The last full-year dividend declaration amounted to 17 euro cents (14.85p), which together with the interim award made a payout ratio of 26% of 2019’s pre-exceptional post-tax profit.

Barriers to an IAG dividend since the pandemic have included loan agreements preventing the distribution of reserves from the group’s operating companies to the main group.

In today’s briefing, IAG pledged a ratio of net debt to earnings of less than 1.8 times over the economic cycle, compared with leverage of 3.1 times in the 2022 financial year.

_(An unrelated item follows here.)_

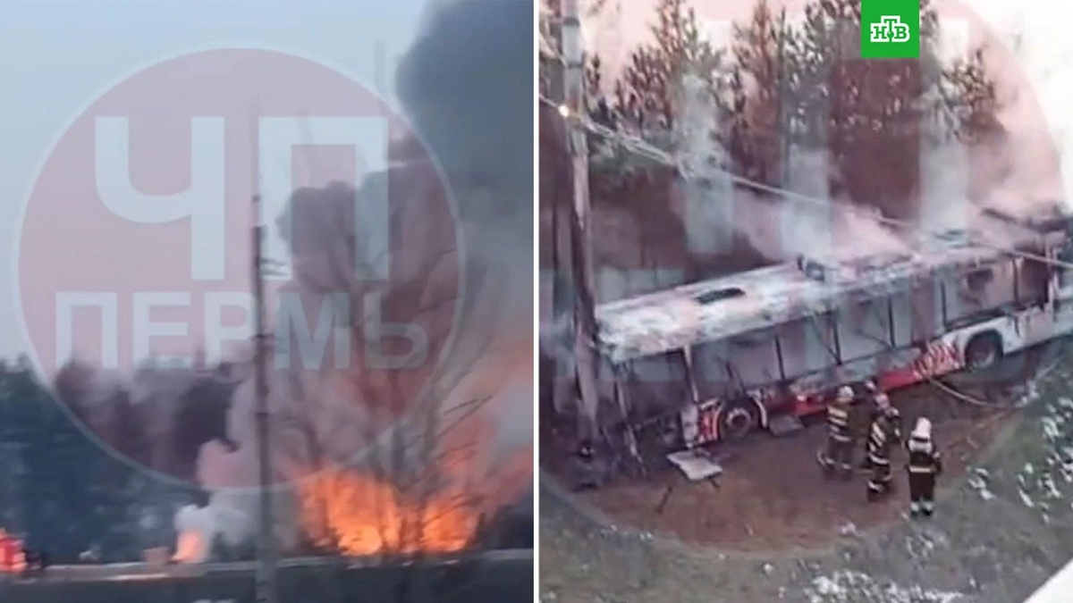 В Перми пассажирский автобус съехал с дороги на железнодорожные пути, задел провода и загорелся. Очевидцы сняли на видео последствия ДТП.

This had improved to 1.4 times at the end of September —  the same as the 2019 year — after IAG reduced net debt by 3.1 billion euros (£2.7 billion) year-on-year to eight billion euros (£7 billion).

Other targets at today’s London presentation include an operating margin of 12%-15%, which compares with 5.3% in 2022 and 12.7% in the year before the pandemic.

It is also looking for 1.5 billion euros (£1.3 billion) in operating profit from IAG’s Spanish businesses and for IAG’s loyalty division to deliver sustainable year-round cash flow.

Chief executive Luis Gallego said today: “Our transformation and investment plans will drive a step change across our businesses, delivering efficiencies and a market-leading customer experience.

“Executing our strategy will enable us to deliver sustainable growth and returns for our shareholders.”

The shares are up by about a fifth this year, including a rise of 10% in the past month. However, today’s update failed to inspire further buying as IAG dropped 6.3p to 157.3p.